Prepared by: Dr Mohd Zaquan Arif
Dr Aimy Abdullah
Dr Noor Azleen Tarmizi
Case Scenario
Mr R is a 69 year old gentleman, previously fit and independent.
His only comorbidities were dyslipidaemia and hypertension. He was an ex smoker (stopped 20 years ago, 40 pack year history).
He was on Simvastatin 40mg ON and Amlodipine 5mg OD.
Geriatric referral
Family members noticed change in behaviour and progressive decline in memory since early 2020.
But only sought medical attention recently.
Mr R was first seen in the geriatric clinic in May 2023.
Change in behaviour
This was the first noticeable symptom which started in January 2020.
He was easily irritable and angry over small matters.
This worsened and he became verbally abusive.
Cognitive decline
Around July 2020, he started to forget his normal driving route and took longer to find his way home. Eventually his wife had to accompany him on all road trips.
Shopping then was affected as he could not remember what items to buy. He had to bring pictures and notes to the grocery store to aid him. He was still able to manage money but was very slow in transactions.
He struggled with names of nieces and nephews but was still able to name close family members.
He would also tell the same stories repeatedly.
Tactile hallucinations
He complained of a constant sensation of something crawling over his face despite nothing to suggest this in reality.

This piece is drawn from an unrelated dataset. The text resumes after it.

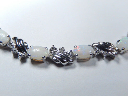 *NWT* 14K White Gold 7CT Oval Opal & Natural Diamond Fancy Tennis Bracelet 7"

There were no skin changes.
He consumed numerous creams and ointments, to no avail.
He denied any visual or auditory hallucinations.
Weight loss
Mr R’s family noticed a significant drop in his weight over the last few years.
His poor appetite was poor.
He had no respiratory or urinary symptoms, and no change in bowel habit.
Activities of daily living
iADL: Difficulty in driving, shopping and monetary transactions as described. Still able to operate smart phone and TV. Wife helps with medication.
bADL: Remains independent for bathing dressing, personal hygiene and feeding. Fully continent.
Mobility: No issues with mobility, no falls.
Clinical examination
Vitals were all within normal limits | GCS was 15/15 |
No clubbing or conjunctival pallor | No focal neurological deficits |
Thin built, cachectic. Abdomen was soft, non tender and no organomegaly. Lungs and cardiovascular exam was unremarkable | Reflexes were normal |
No lymph nodes palpable | No parkinsonism or gaze palsy |
No facial skin changes | MMSE was 14/30 (orientation 7, registration 1, attention 1, recall 0, language 4, pentagon 1) |
Blood investigations
FBC: WCC 8.1, Hb 15.6, Plt 341
Renal profile: Na 141, K 4.8, Ur 2.3, Cr 73
Electrolytes: Ca 2.25 (corrected), Phos 1.13
Liver function: Bil 5.9, ALP 104, ALT 14, GGT 22, Albumin 41
Haematinics: Iron 14.7, TIBC 66.7, Ferritin 159, Folate 12, Vit B12 221
TFT: T4 11.9, T3 1.69
MRI brain
Ventricular dilatation with narrow Callosal angle, crowding at the vertex and peri-Sylvian atrophy.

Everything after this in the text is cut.